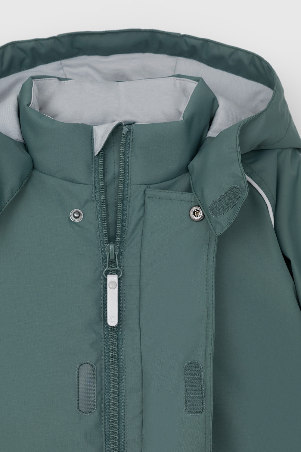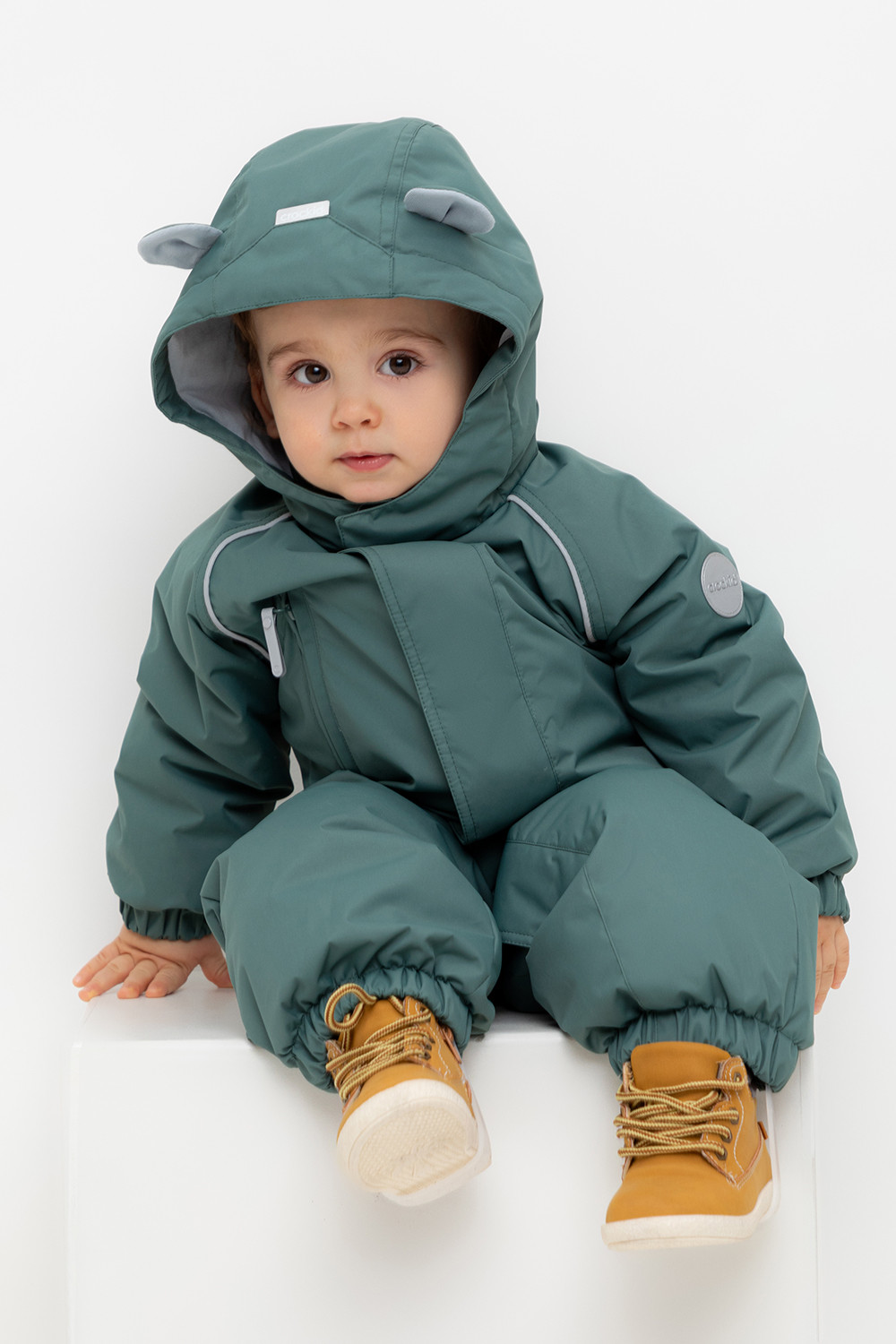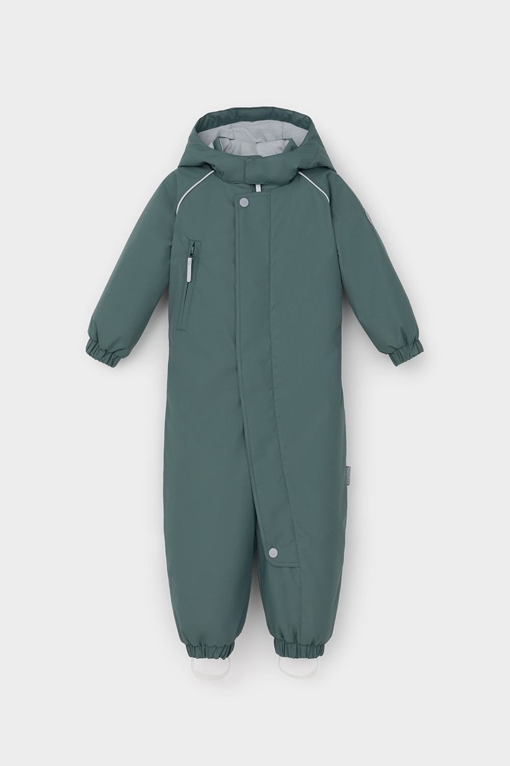 Демисезонный комбинезон ясельный с утеплителем SEE® 120 г/м2. Выполнен из мембранной ткани с дополнительной тефлоновой обработкой. Данный вид обработки предохраняет изделие от загрязнения и лучше отводит влагу. Подклад из 100% хлопка. Удлиненная молния для легкого одевания с защитой подбородка. Ветрозащитная планка фиксируется на липучках и кнопках. Утяжка на капюшоне с потайными стопперами. По низу рукавов и брючин, а также на спинке изделия предусмотрена эластичная резинка для лучшего прилегания. Для фиксации комбинезона используются съемные силиконовые штрипки. В размере 74-80 функциональные отвороты на рукавах и брючинах. Во всех изделиях верхнего ассортимента для безопасности ребенка предусмотрены светоотражающие элементы.
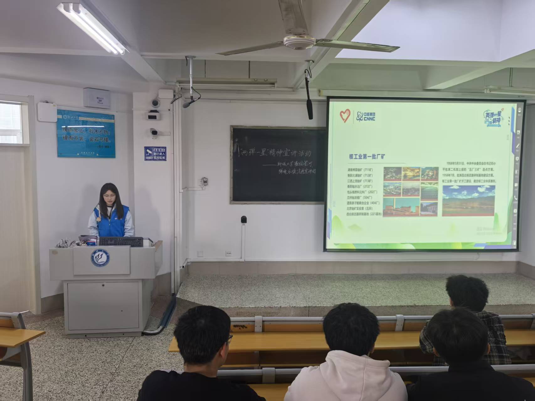 为弘扬“两弹一星”精神,提升员工对我国核工业发展历程的认知,10月25日,悟空体育“数绘星河,弹魂永续”志愿宣讲团于11号教学楼A504教室开展“党领导下的中国核工业”暨“两弹一星”精神宣讲活动。
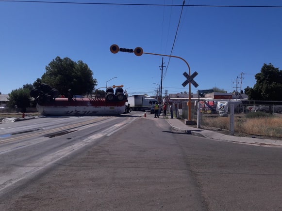 Al llegar a la confluencia de la calle Ferrocarril que corre paralela a las vías del tren y se intersecta con la calle Anaya, el trailer avanzó con velocidad a pesar de que ya venía el tren, pero fue impactado por el tranvía justo en donde se ensamblan ambos remolques y no alcanzó a cruzar los rieles por completo.
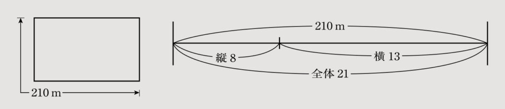 (4)長方形の周りの長さは420mなので、縦と横、それぞれ1辺を足した長さは210mになる。縦と横の比は8:13から、以下のように求められる。
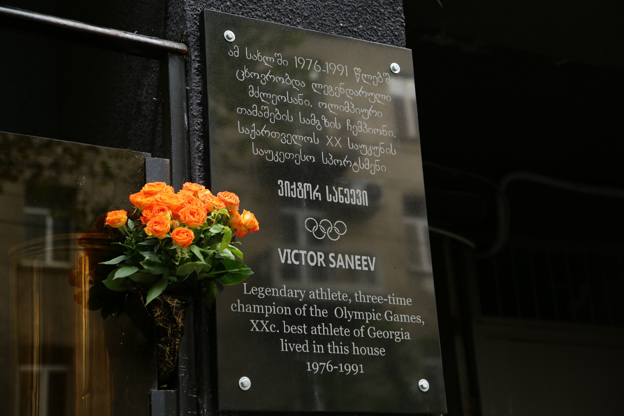 დღესვე ვიქტორ სანეევის ხსოვნის საპატივცემულოდ, ვაკეში, მისი საცხოვრებელი სახლის წინ (ფალიაშვილის ქუჩა N66, I სადარბაზო) მემორიალური დაფა გაიხსნა. ღონისძიებას სპეციალური მოწვევით ვიქტორ სანეევის მეუღლე იანა ხვარცკია ესწრებოდა.
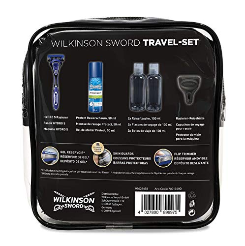 Wilkinson Sword Set de Viaje con Máquina de Afeitar Recargable de 5 Hojas + Protector de Viaje + Espuma de Afeitado Protect 50 Ml + 2X Botes Rellenables 100 Ml + Neceser de Viaje
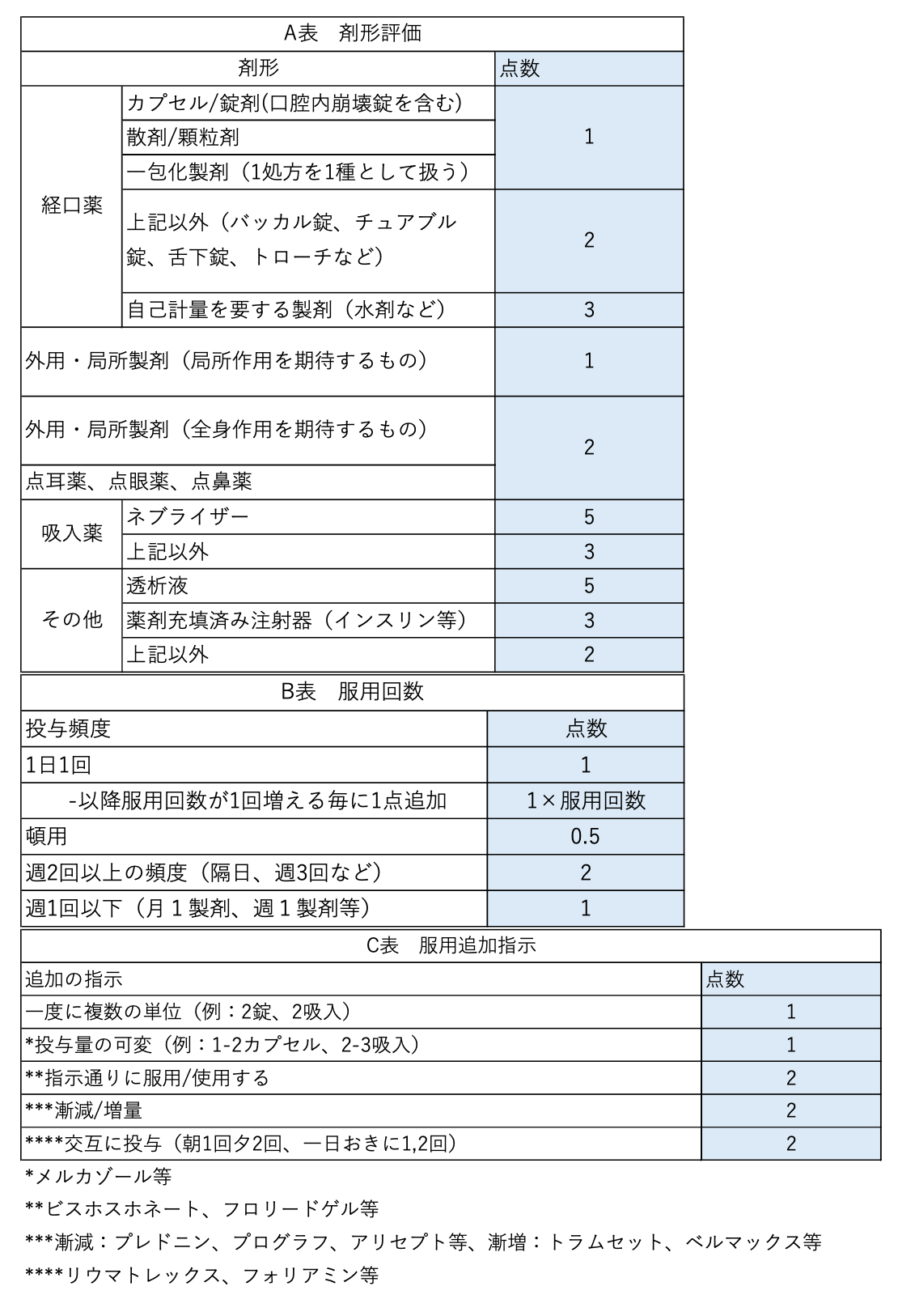 合計スコアが高いほど処方が複雑と判定され、服薬アドヒアランス低下や有害事象リスク上昇との関連が指摘されています。
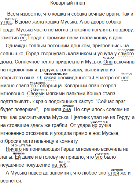 4) мораль (поучительный вывод) из описанной сценки. Постарайтесь употребить в рассказе местоимения (она, в этом рассказе, какая коварная, у неё и др.).

> _Activity_: What is needed is an exact copy of the lines from the start of the records through the line containing "Wilkinson Sword Set", with no pictures.

> _Written solution_:
 Демисезонный комбинезон ясельный с утеплителем SEE® 120 г/м2. Выполнен из мембранной ткани с дополнительной тефлоновой обработкой. Данный вид обработки предохраняет изделие от загрязнения и лучше отводит влагу. Подклад из 100% хлопка. Удлиненная молния для легкого одевания с защитой подбородка. Ветрозащитная планка фиксируется на липучках и кнопках. Утяжка на капюшоне с потайными стопперами. По низу рукавов и брючин, а также на спинке изделия предусмотрена эластичная резинка для лучшего прилегания. Для фиксации комбинезона используются съемные силиконовые штрипки. В размере 74-80 функциональные отвороты на рукавах и брючинах. Во всех изделиях верхнего ассортимента для безопасности ребенка предусмотрены светоотражающие элементы.
 为弘扬“两弹一星”精神,提升员工对我国核工业发展历程的认知,10月25日,悟空体育“数绘星河,弹魂永续”志愿宣讲团于11号教学楼A504教室开展“党领导下的中国核工业”暨“两弹一星”精神宣讲活动。
 Al llegar a la confluencia de la calle Ferrocarril que corre paralela a las vías del tren y se intersecta con la calle Anaya, el trailer avanzó con velocidad a pesar de que ya venía el tren, pero fue impactado por el tranvía justo en donde se ensamblan ambos remolques y no alcanzó a cruzar los rieles por completo.
 (4)長方形の周りの長さは420mなので、縦と横、それぞれ1辺を足した長さは210mになる。縦と横の比は8:13から、以下のように求められる。
 დღესვე ვიქტორ სანეევის ხსოვნის საპატივცემულოდ, ვაკეში, მისი საცხოვრებელი სახლის წინ (ფალიაშვილის ქუჩა N66, I სადარბაზო) მემორიალური დაფა გაიხსნა. ღონისძიებას სპეციალური მოწვევით ვიქტორ სანეევის მეუღლე იანა ხვარცკია ესწრებოდა.
 Wilkinson Sword Set de Viaje con Máquina de Afeitar Recargable de 5 Hojas + Protector de Viaje + Espuma de Afeitado Protect 50 Ml + 2X Botes Rellenables 100 Ml + Neceser de Viaje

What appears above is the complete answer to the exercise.